90 days of regression part 3

90 days of regression part 3

 

I had Emily over for another regression therapy session today, but this time it seemed very confusing, and then again not at all. Perhaps because she has tried it a few times now she jumped back and forth through different moments of the same life.  “I am with a lot of people, hippies” she said. “I am a woman on a stage, I am a singer”.  She told me that she was at the Woodstock festival in 1969. She had red nails, was 27 years old and she was singing at Woodstock and that her name was either Janice or Janet.

My heart raced and instantly I started thinking about Janis Joplin, but I got clear indications from Spirit that it wasn’t her.  She continued; “I am with my band, not a main name, and my man, Carl, is playing the guitar. We are not a big name and I am backing singer.” She said that he wasn’t good looking but that she was very into him. They could live off playing their music and it was great times she said, and continued; “I am from Wisconsin. “

All of the sudden she changes the scene, “I am 34 years old” she said. I asked her where she was and she told me she was in a disgusting place, a place where people go to take drugs. She was looking for someone she told me. “I am looking for my man, for Carl.” She confirmed that he was also doing drugs as well as she was. He was lost and she had to find him.

All of the sudden her face changes and she says “something fell in to my head”, she looked like it hurt her. Her hands flew to her stomach, “I am hurt.” She had been stabbed and was dying. When I asked if she knew who had stabbed her she didn’t know. “It is a tough neighborhood” she said with a shrug of the shoulders.

Then she changed the scene again. “Now I’m in the hospital, and I am dying. It’s in Oklahoma” It was the end of that life. She had her mother there and naturally she was very sad.

When she left that body and that life I asked her what she thought she had to learn from that life and experience; “I shouldn’t follow a man blindly, but rather be free and independent. I was insecure and did not believe in myself” she told me and continued. “It doesn’t necessarily turn out great when you lean on others. You have to love yourself, and then you can do it!”  After she was came back to the present we talked about the entire experience. “I must be insane, Woodstock – it must be imagination and not regression” she said in disbelief.

I, on the other hand, was very sure that she had been there and very sure that the messages were good. To trust in herself, be who she is. She had to understand she was a great person.

“You can do it” is the best way to put it.

o

90 days of regression part 2

90 days of regression part 2

 

Today I had my first regression therapy session with a woman, ”Emily”, who will be having 90 days of “regression boost.” ”Emily” is an independent business woman, yet she still has a very hard time finding her place in the world both privately and professionally.

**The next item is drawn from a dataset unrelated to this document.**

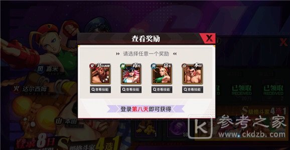 街霸对决手游中的福利是非常不错的,在连续登陆八天之后,各位玩家小伙伴可以在嘉米、毒药、达尔西姆和本田四个角色中选择一个。很多玩家小伙伴都不知道选择哪个角色的性价比更高,下面小编就为各位玩家小伙伴带来的街霸对决四选一的选择推荐吧。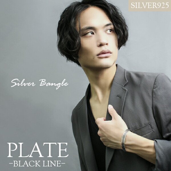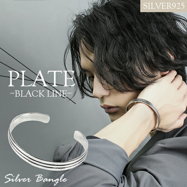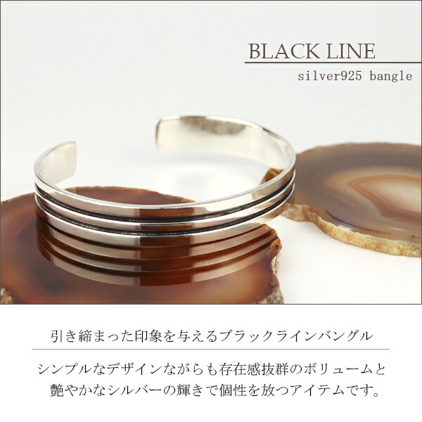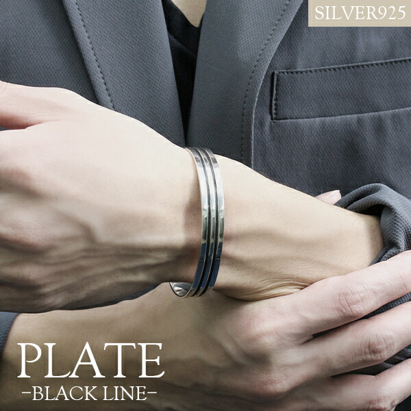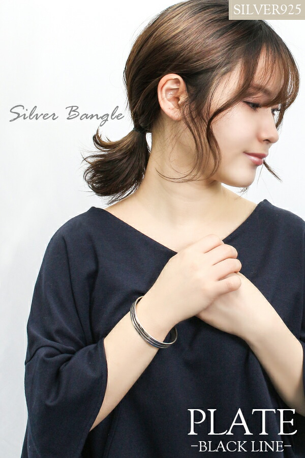 ブラック ライン プレート バングル シルバー925 シルバーアクセサリー さりげない シンプル 線 黒 アクセント スタイリッシュ きれいめ

From the outside her life looks great; she is married to a great guy who would go to the moon and back for her if she asked for it. They have two kids together, a boy and a girl. But for some reason she feels lost, alone and confused. My hope is for her to put all the pieces of the puzzle of her life together through sessions and regression therapy.

When I had the first session with “”Emily”” she told me that she could see mountains, white houses and roses. After some time it was apparent that she was in Switzerland around 1849. At first she was around 8-9 years old. She had leather shoes with a strap, was in a red dress and wearing an apron. She saw a heavy man with a big cart who turned out to be her father. He was a miller and he loved her very much. He was heavy in an unhealthy way. He changed over the years she told me, and he was hard on her. “He hit me, but not until later in life” she said, but she still knew that her father loved her. She could sense the big mill and that it was damp and cold inside.

She couldn’t tell if she had any siblings or not. “My mom died when I was born” she told me.

She shifted to her death in that life. “I fell out of a church tower, or I was pushed. I was pushed!!” she looked sad and surprised and continued; “I was only 16 years old, and I died because of something with a romance, my father was angry. I was there to meet someone I loved.” “My name is Rachel but everyone calls me Elisa. I don’t know why they do that but they do. “My father hits me because I am the only woman in the house, and have to take care of everything in the house. He wants me to obey him”.

When we ended the regression she was amazed at all the details and how it felt now that she could remember everything.

We have since then been looking for the town and it was there, just like she said it was. Even the name was even the same. I asked her what she thought she would learn from this, how would she use it in this life. At first she didn’t understand, but asked what I thought. I told her that in this life she also has a troubled relationship with her father. In this life she was estranged from him, because she does not fit in his picture of what a perfect daughter is. “Emily” did, in her former life, have a troubled relationship with her father also because she didn’t fit his picture of what a perfect daughter was. He even hit her, and eventually she died an early and gruesome death. It might not have been her father that killed her back then, but it was a troubled relationship.

She suddenly understood after talking about her lives then and now, that she was much stronger in this life because she stopped listening to the notions about how she should be. She has taken a stand and in this life she is trying to be herself and not to live op to someone else’s picture of perfect.